In today’s world, it is common to believe that “everything has already been thought of” or “everything you need to say has already been said.” This is very true, in some respects. When writing a paper for a class, we draw upon respectable sources and use their arguments to support our position. Rarely is anything written that is a brand-new concept. We live in a society that is well connected and creative in the sense that we use the works of others to generate a “new” response. The meme known as the “Grumpy Cat” has been recomposed to creatively relay a message.

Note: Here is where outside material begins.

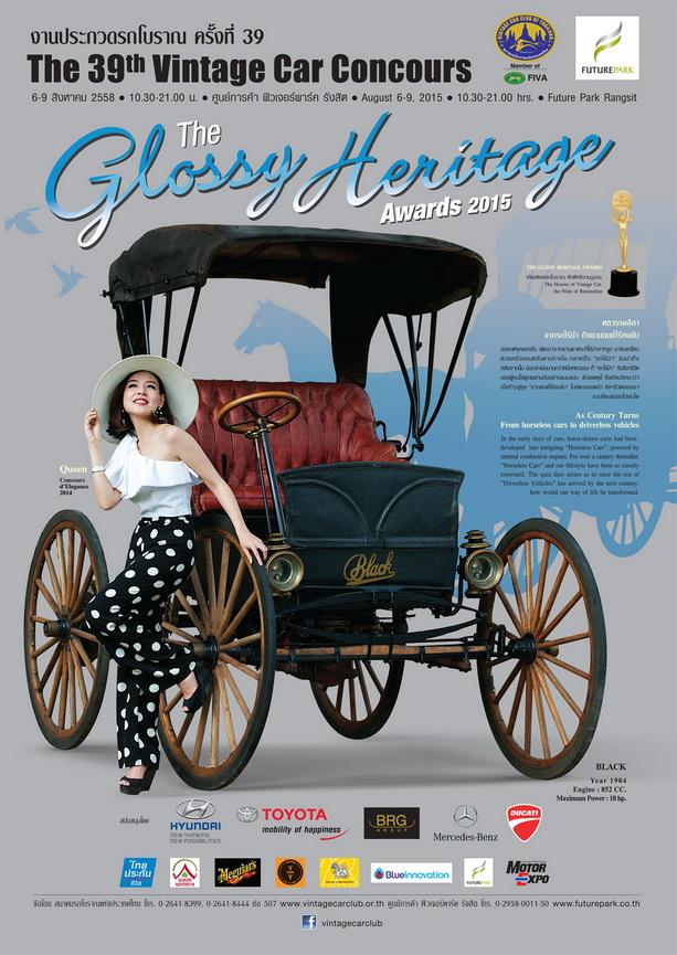 ขวัญชัย ปภัสร์พงษ์ นายกสมาคมรถโบราณแห่งประเทศไทย เปิดเผยว่า “งานประกวดรถโบราณ ครั้งที่ 39” (THE GLOSSY HERITAGE AWARDS 2015) จัดขึ้นภายใต้แนวคิด “ศตวรรษลีลา จากรถไร้ม้า ถึงยานยนต์ไร้คนขับ” โดยแสดงให้เห็นถึงจุดเริ่มต้นของรถยนต์ยุคแรกเริ่ม ที่พัฒนาจากยานพาหนะที่ใช้ม้าลากจูง มาขับเคลื่อนด้วยเครื่องยนต์ กลายเป็น “รถไร้ม้า” อันน่าทึ่ง หลังจากนั้น “รถไร้ม้า” กับลีลาชีวิตของผู้คนได้ผูกผสานกันอย่างแนบแน่นกว่าหนึ่งศตวรรษ กระทั่งใกล้ถึงยุค “ยานยนต์ไร้คนขับ” ซึ่งลีลาชีวิตของเราย่อมจะเปลี่ยนแปลงไปอย่างแน่นอน

In this example, the person who uploaded the image for the first time probably did not anticipate the viral fame and twists put on this image that would follow. I really liked how Lawrence Lessig expressed the idea of remixing and how writing is a way to remix culture. He defines remix as “what we do when we mix together culture or knowledge, and then give others the opportunity to re-express that which we have mixed… culture is remix, knowledge is remix, politics is remix. Remix is how we as humans live and everyone within our society engages in this act of creativity.” This can be hard to do intentionally, and happens more often than not by accident. How can I make something with the idea of recomposition in mind? To me, I believe that the genre has a lot to do with this concern. A long-written document (white paper, lab report, essay, etc.) may be used as a reference for someone else’s work; however, it is unlikely that another person will try to re-purpose the piece. I think that graphics and music are the most common pieces that are likely to be recomposed. In addition, shorter pieces (blog, editorial, press release, etc.) provide an opportunity to be recomposed if they evoke a strong emotional response in the viewer. Something boring will not be recirculated.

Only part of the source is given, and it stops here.